Dropping asset prices look terrible (stop looking at your investment portfolio), but most people do not finance purchases based on their portfolio.

Dropping asset prices are a massive problem if you rely on your portfolio to finance your life like retirees, charities and foundations, and some public bodies do.

I note that dropping asset prices, when the drop is large and sudden, effect and help create a credit crisis, but I believe that the credit crisis is the real killer in the room. 

The credit crisis is the killer whom you have to avoid if you want to make it alive to the final credits of this financial horror film.

Rising asset prices, such as the 231 million % inflation, as of July 2008 in Zimbabwe, as reported in the NY Times, hurts people. 

Falling asset prices are not so bad, as long as you still have cash coming in.

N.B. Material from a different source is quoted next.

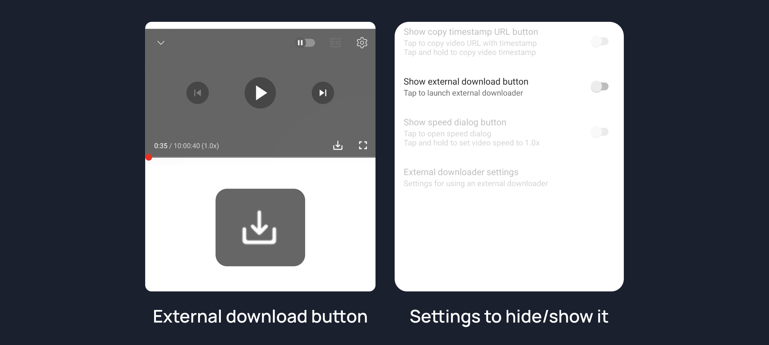Configure external download button with your favourite downloader app.
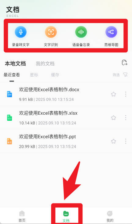 4、点击文档模块,可以使用录音转文字、文字识别、语音备忘录和思维导图等功能,管理和扩展办公需求。

And as long as you are not afraid to spend some of that cash that is coming in.

So, while the news outlets focus on stock market declines, that is not what is really important.

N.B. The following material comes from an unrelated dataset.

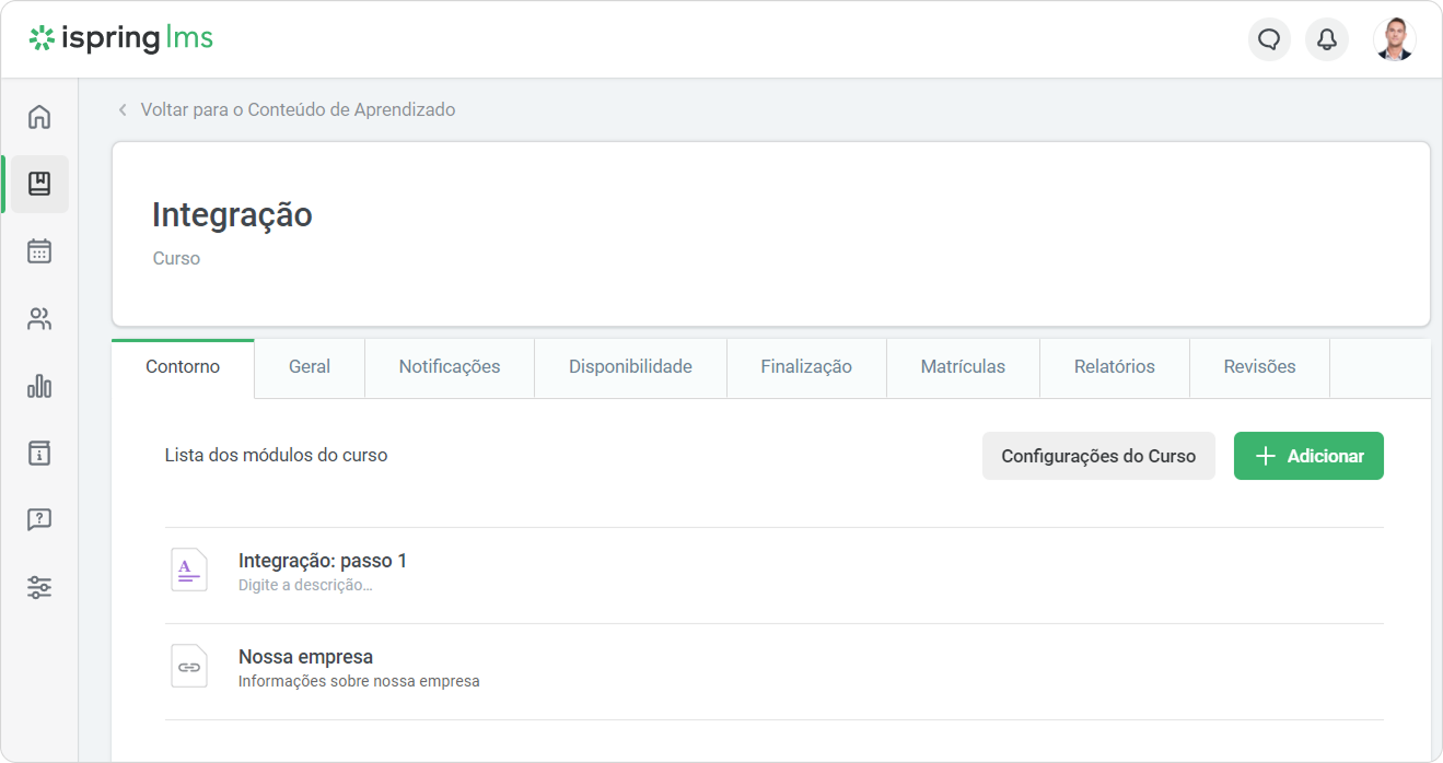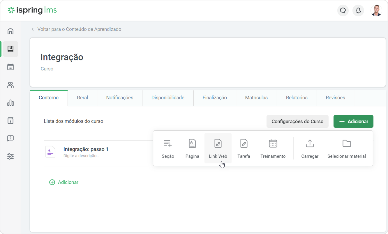 - Abra seu curso, selecione a aba Contorno, clique em Adicionar, e escolha Link Web.

What is important is that the financial intermediaries (banks, insurance companies, and others) who aid in distributing money are now cash poor, because of the way they have handled their portfolios of their own and other people's money.

Today, financial intermediaries can no longer distribute money efficiently, which is the economic purpose of a financial intermediary.

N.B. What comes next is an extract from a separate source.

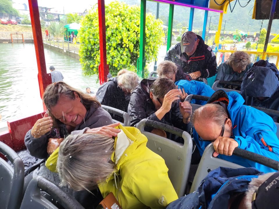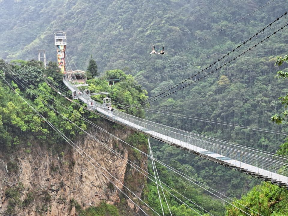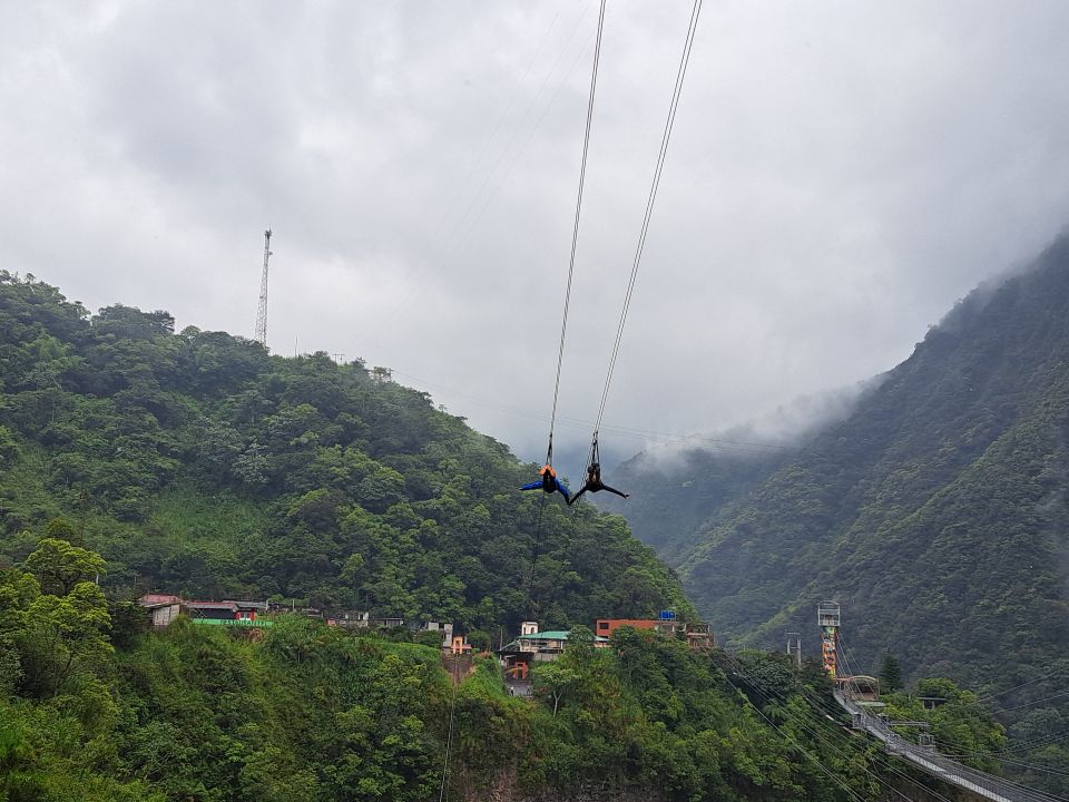 Wir machen eine Fahrt mit einem Chiva-Bus. Durch den Ort und am dortigen Canyon entlang. Einige von uns überqueren den Canyon mit einer Zipline.

Image of a banknote drawn on the Bank of HellSo cash is scarce.

Credit is tight.

That matters to the consumer if you want to buy a house or a car and cannot get a well-priced mortgage or loan.

This matters much more to companies who generally face stiffer credit applications, who pay much more for credit, and who watch their credit facilities cease to exist much faster. 

Companies need credit because buyers, frequently, pay only after things are made. Sometimes buyers pay manufacturers months after things are made. 

Yet manufacturer's employees expect to be paid every month or every two weeks. 

Smaller sub-contracting factories, generally, also need money sooner as compared to when the "big boys and girls" of the manufacturing world get paid.  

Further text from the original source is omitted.